• Requirement
Beginning with the line containing "strategy empowers high-boiling" and ending with the line containing "Luego reinicia el", write out each line of the records below exactly; pictures and lines outside that range are left out.

• Data
#####

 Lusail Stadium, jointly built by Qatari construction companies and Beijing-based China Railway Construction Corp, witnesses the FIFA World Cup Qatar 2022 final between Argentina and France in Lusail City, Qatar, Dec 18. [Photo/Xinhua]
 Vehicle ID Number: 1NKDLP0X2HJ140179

#####

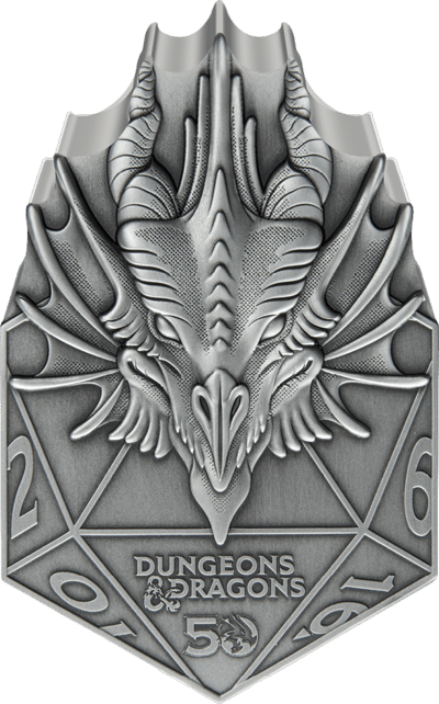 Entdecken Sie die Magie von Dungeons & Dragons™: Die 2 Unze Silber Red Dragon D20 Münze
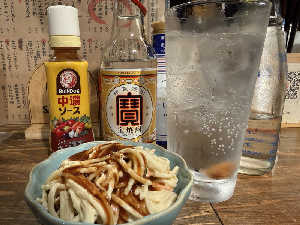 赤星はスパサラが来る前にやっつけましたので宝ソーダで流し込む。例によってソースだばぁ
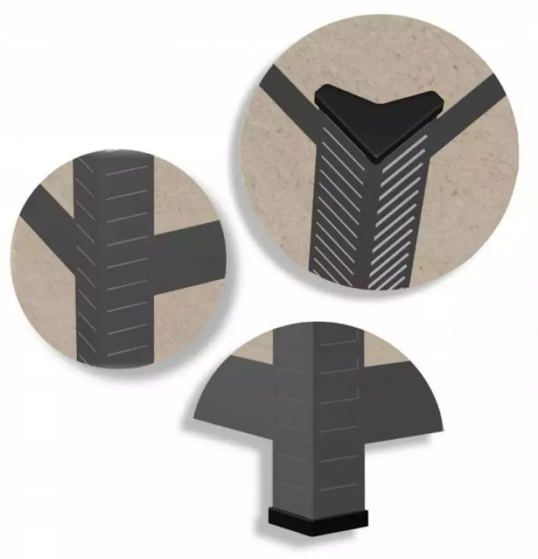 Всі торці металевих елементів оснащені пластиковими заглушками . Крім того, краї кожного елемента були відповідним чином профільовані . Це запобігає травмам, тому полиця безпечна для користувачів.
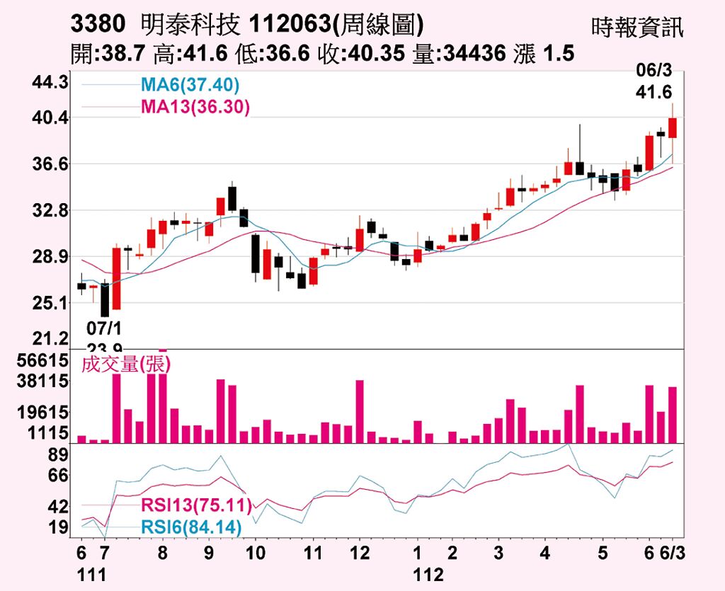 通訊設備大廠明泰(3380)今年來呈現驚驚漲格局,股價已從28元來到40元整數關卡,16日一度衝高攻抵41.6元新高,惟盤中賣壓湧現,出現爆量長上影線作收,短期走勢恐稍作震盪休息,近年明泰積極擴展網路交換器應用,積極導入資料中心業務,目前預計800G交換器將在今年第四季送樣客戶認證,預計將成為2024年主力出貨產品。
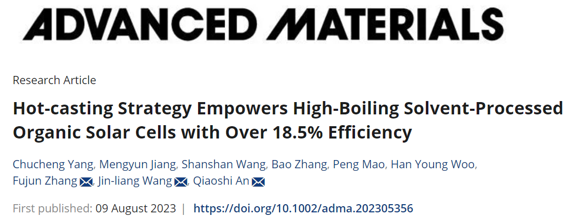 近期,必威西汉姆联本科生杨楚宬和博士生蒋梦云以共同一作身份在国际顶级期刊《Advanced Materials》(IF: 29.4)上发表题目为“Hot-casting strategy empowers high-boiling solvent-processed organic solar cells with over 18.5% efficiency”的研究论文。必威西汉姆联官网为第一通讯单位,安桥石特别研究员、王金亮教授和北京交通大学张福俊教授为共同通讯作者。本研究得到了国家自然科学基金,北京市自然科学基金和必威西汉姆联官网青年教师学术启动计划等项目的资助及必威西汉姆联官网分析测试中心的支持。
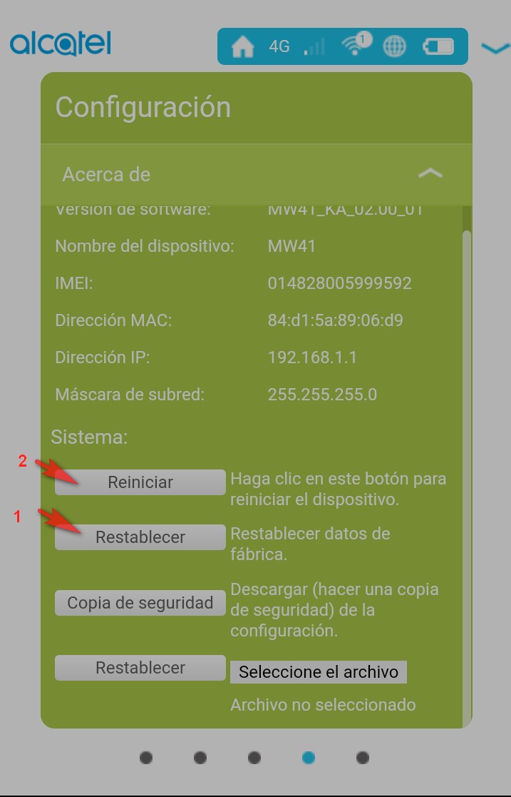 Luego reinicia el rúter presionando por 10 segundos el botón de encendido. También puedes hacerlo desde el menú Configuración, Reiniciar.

#####

• Completed exercise
 近期,必威西汉姆联本科生杨楚宬和博士生蒋梦云以共同一作身份在国际顶级期刊《Advanced Materials》(IF: 29.4)上发表题目为“Hot-casting strategy empowers high-boiling solvent-processed organic solar cells with over 18.5% efficiency”的研究论文。必威西汉姆联官网为第一通讯单位,安桥石特别研究员、王金亮教授和北京交通大学张福俊教授为共同通讯作者。本研究得到了国家自然科学基金,北京市自然科学基金和必威西汉姆联官网青年教师学术启动计划等项目的资助及必威西汉姆联官网分析测试中心的支持。
 Luego reinicia el rúter presionando por 10 segundos el botón de encendido. También puedes hacerlo desde el menú Configuración, Reiniciar.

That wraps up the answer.